In total, 3 magnets deviated from the prescribed nominal intervals in some of their initially submitted datasets. Phantom repeatability studies represent an in vitro experiment. Some sequences and scanners that performed well in vitro may exhibit greater variability in the face of biological tissue (magnetization transfer, flow, motion), patient characteristics (fast/slow heart rates, heart rate variability, breath-hold length, implanted metal devices), and scanning process (non-isocentering, scanning in multiple planes). The T1MES phantom does not capture magnetization transfer. The biomarker performance that was measured here accounts for T1 mapping in vitro. While this is obviously related to diagnostic performance in vivo, cardiac motion, etc., introduce yet another degree of freedom, and different hardware/software combinations might deal with this differently. In addition, CoV as a single metric may not be the best way to pick a pulse sequence for repeatability when the data is only derived from a static phantom. A very precise (reproducible) T1 sequence that requires long breatholds or is heart rate-variability-sensitive might perform very well with the T1MES phantom setup but perform poorly in patients with varying biology, e.g., that cannot hold their breath well or who are in atrial fibrillation. The phantom has no intracellular/extracellular component, so any researcher seeking to model “ECV” using pre- and post-GBCA T1 mapping values derived from T1MES (see example data in Supplementary Table S9) must bear this in mind.

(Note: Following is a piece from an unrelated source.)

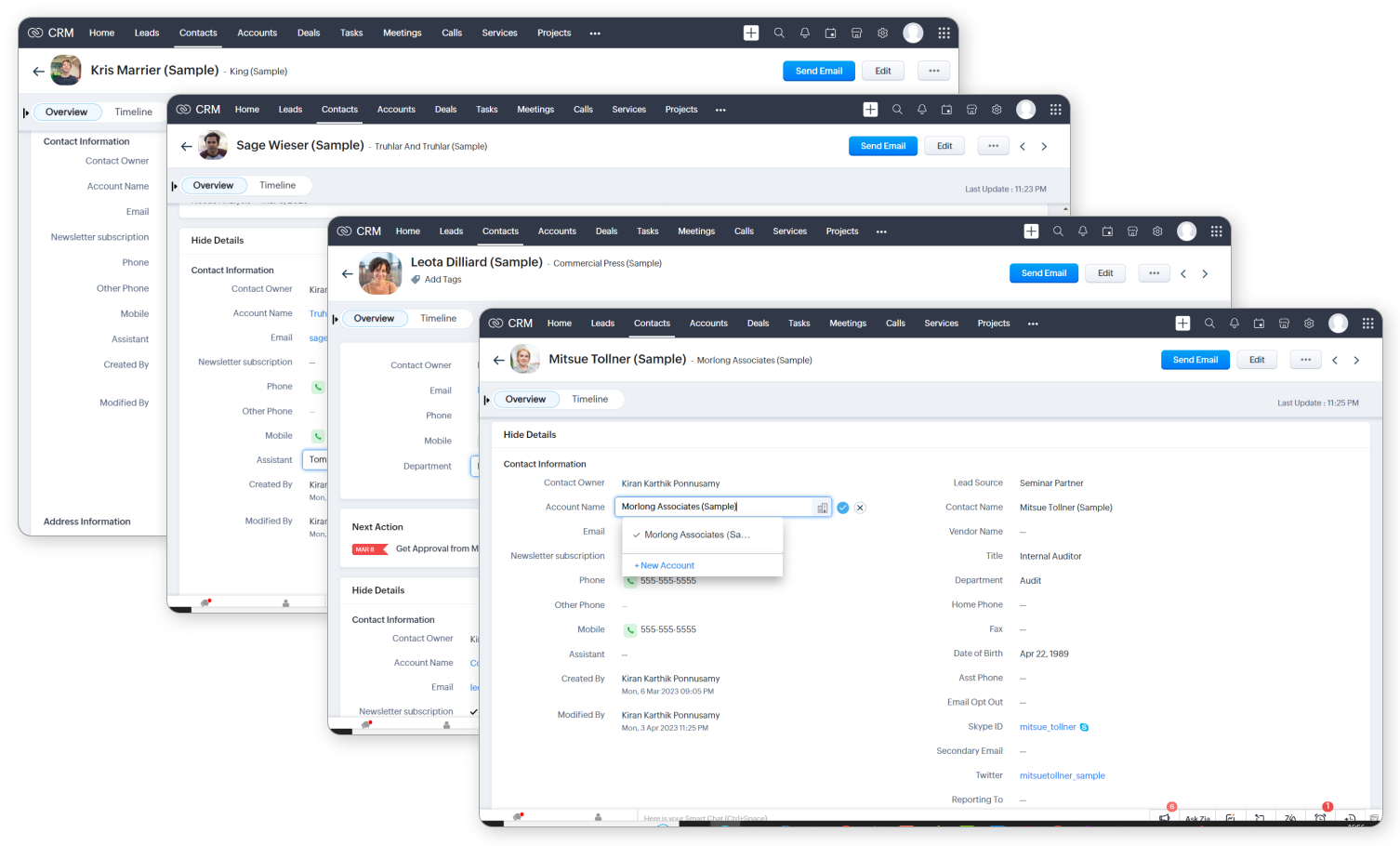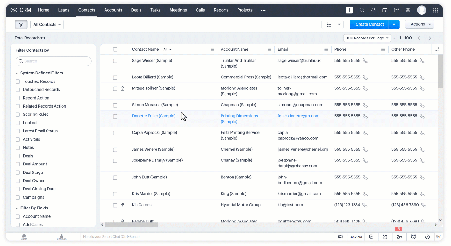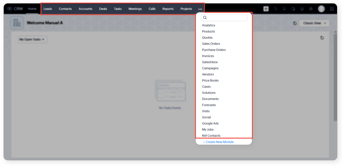 - Fă clic pe tab-ul [Modul] . Modulul poate fi Leads, Accounts, Contacts, etc.

The phantom design, ROI size, and coil setup instructions all aimed to make the fundamental image noise SNR an irrelevant factor in the CoV results. The artificially high and “clean” SNR of a phantom setup (if without phantom-related distortions, as we have shown in the “B0 and B1 uniformity” section) is clearly not directly an indicator of satisfactory in vivo performance. It contains many sequence-related factors that may have different consequences in vivo , and such SNR comparisons are not the aim of this work. Ideally, participating sites would have proved this by sending multiple T1 maps per session. However, contributions were already voluntary, and further demands on sites could not be supported. For the same reason, it was not feasible to demand long reference T1/T2 data for each participating site, and this was never part of the original enrollment commitment. As some indication of the typical short-term thermal noise random jitter, the raw (temperature-unadjusted) T1 values from some sites that did anyway submit several repeated T1 maps each session are plotted in Supplementary Fig. S3.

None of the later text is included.